2 months ago • 2 mins
What’s going on here?
The Federal Reserve (the Fed) kept rates where they are, but forecasts of speedier-than-expected rate cuts sent investors’ tongues wagging.
What does this mean?
The federal funds rate dictates how much banks charge each other when they borrow money. And that, in turn, decides the interest rates they use to charge customers. So in other words, it’s the Fed’s main weapon against inflation. At the last meeting on Wednesday, the central bank unanimously decided to keep that essential rate where it is, buying it time to see how the current level affects inflation and the economy in the weeks to come. But that pause may not last long: the Fed’s now anticipating three cuts in the next year. That’s because US inflation is calming down while unemployment holds steady, giving the central bank room to pull down the rates that are stifling the economy.
Why should I care?
For markets: The best day ever (almost).
That prospect of rate cuts has investors pricking their ears up. Businesses can borrow money for less when rates are manageable, meaning they can invest more into operations and maximize profit. Plus, low rates decrease the discount rate used to value stocks, making them look more attractive in the present day. So with investors practically rubbing their hands together, it’s no wonder Bloomberg reported that Wednesday hosted the biggest asset rally on a Fed announcement day for nearly 15 years.

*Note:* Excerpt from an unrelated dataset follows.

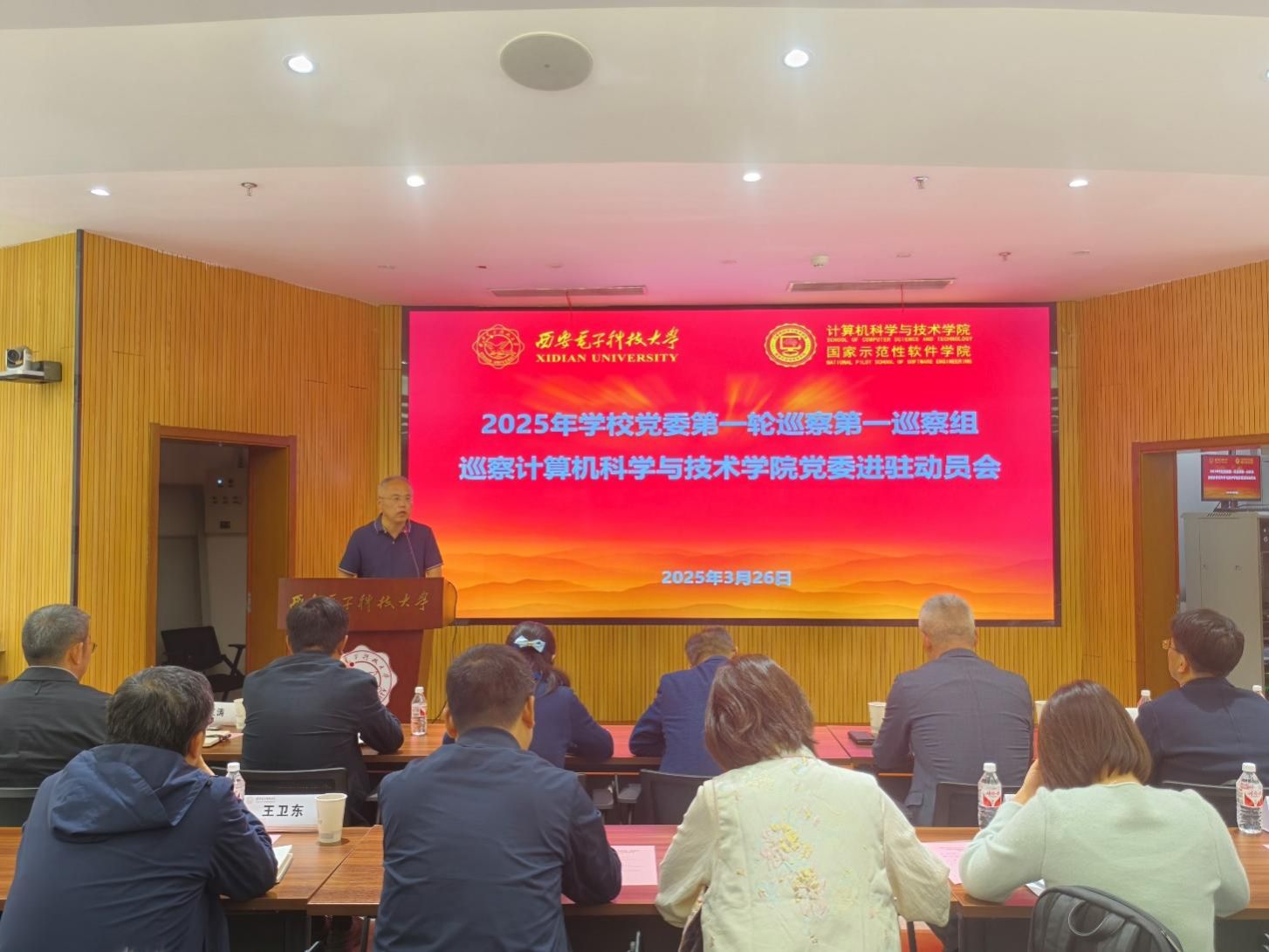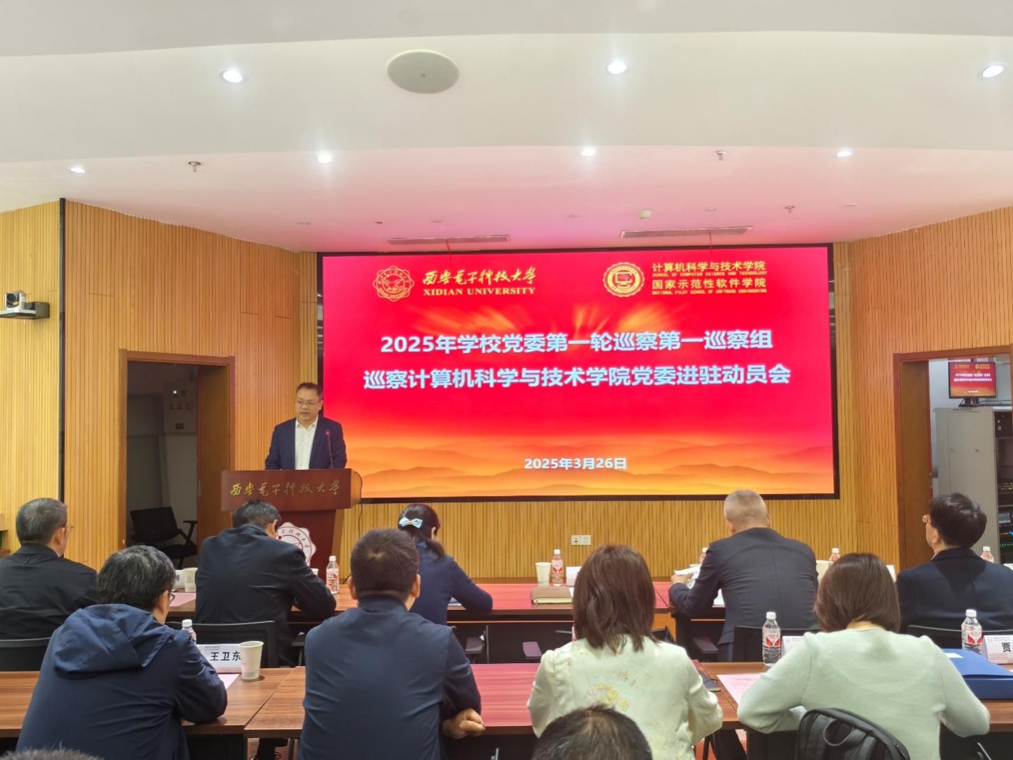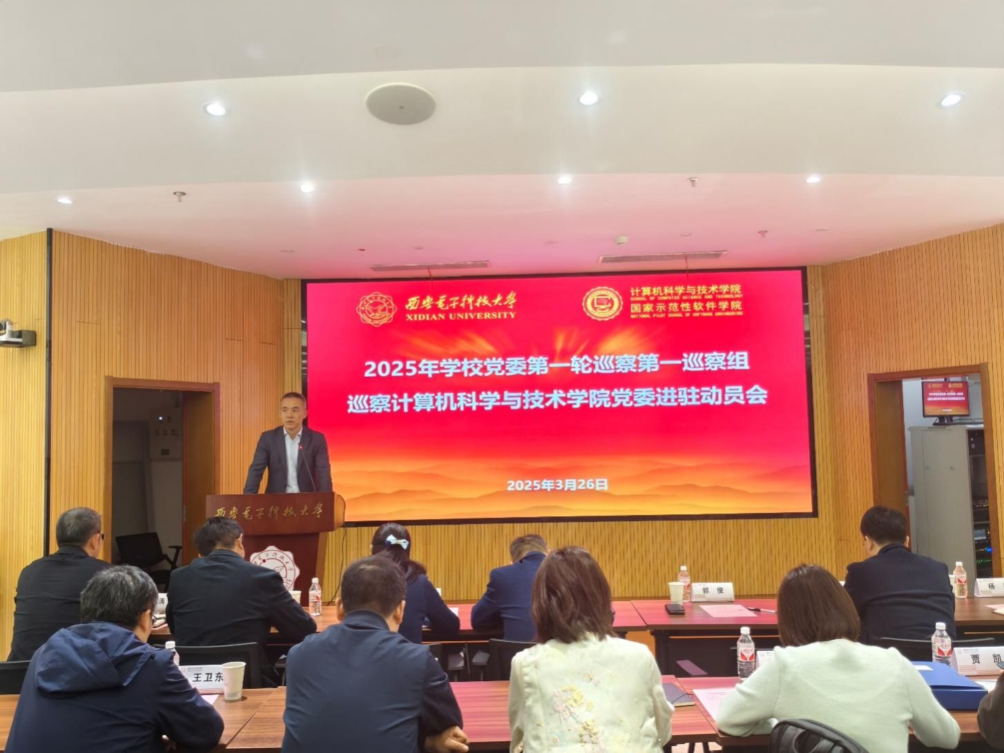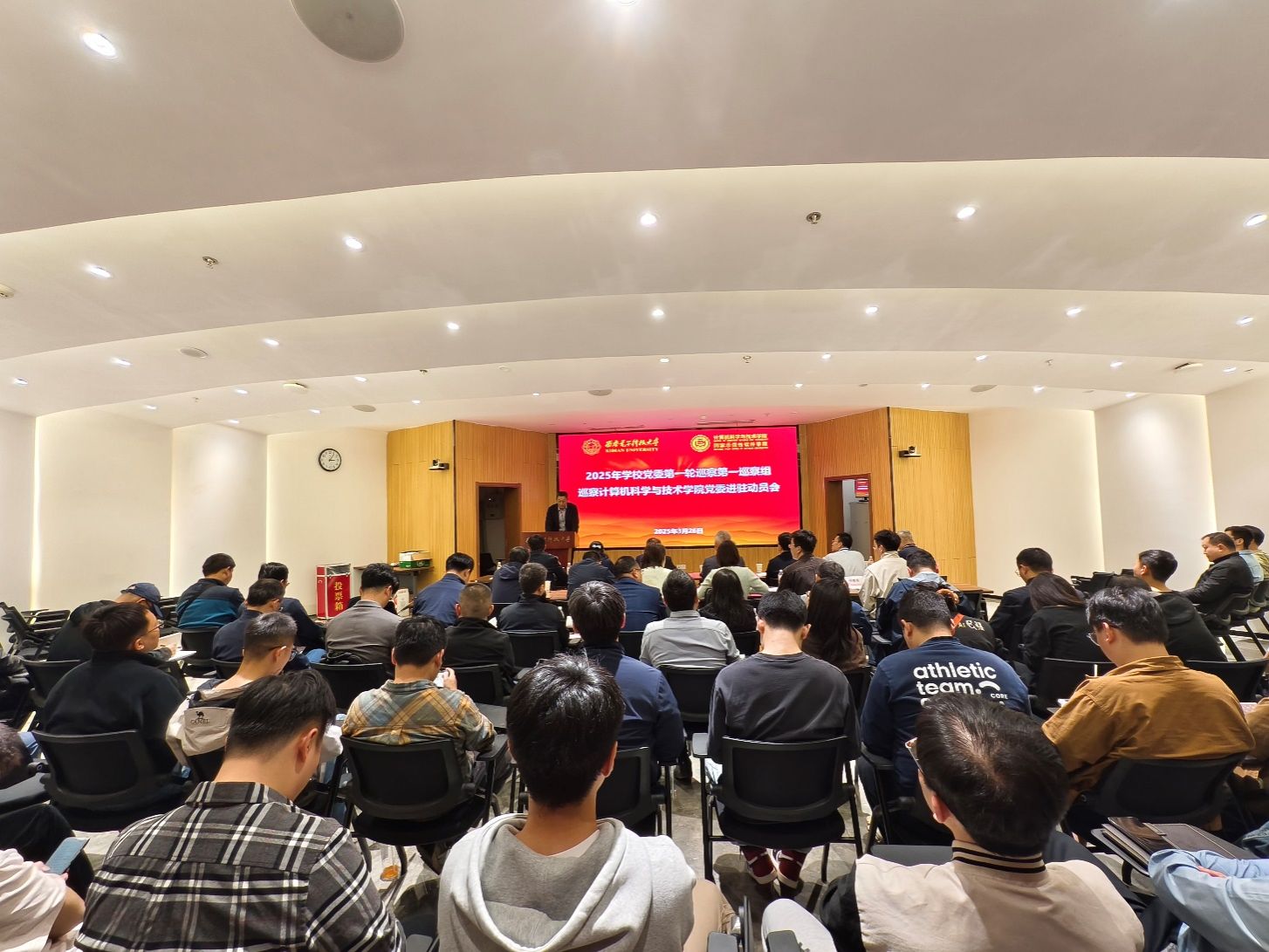 (通讯员 同榛)根据学校党委的统一部署,3月26日下午,2025年学校党委第一轮巡察第一巡察组巡察今年会官方网站党委进驻动员会在网安大楼A-101报告厅召开。校党委副书记、纪委书记郭俊,巡察办负责同志、巡察组全体人员、学院党政班子成员和师生代表等100余人参加。会议由学院执行院长崔江涛主持。

The bigger picture: Hard luck, Europe.
Lower rates make it cheaper for both businesses and everyday folk to spend money, which means more much-needed cash flooding the US economy. And while that doesn’t rule out a recession, it does make one a lot less likely. But it’s not an easy decision to make: central banks need to be sure that inflation has calmed before loosening up. That’s why, wary of prices’ tenacity, the Bank of England and European Central Bank both left rates untouched on Thursday.
Disclaimer: These articles are provided for information purposes only. Occasionally, an opinion about whether to buy or sell a specific investment may be provided. The content is not intended to be a personal recommendation to buy or sell any financial instrument or product, or to adopt any investment strategy as it is not provided based on an assessment of your investing knowledge and experience, your financial situation or your investment objectives. The value of your investments, and the income derived from them, may go down as well as up. You may not get back all the money that you invest. The investments referred to in this article may not be suitable for all investors, and if in doubt, an investor should seek advice from a qualified investment advisor.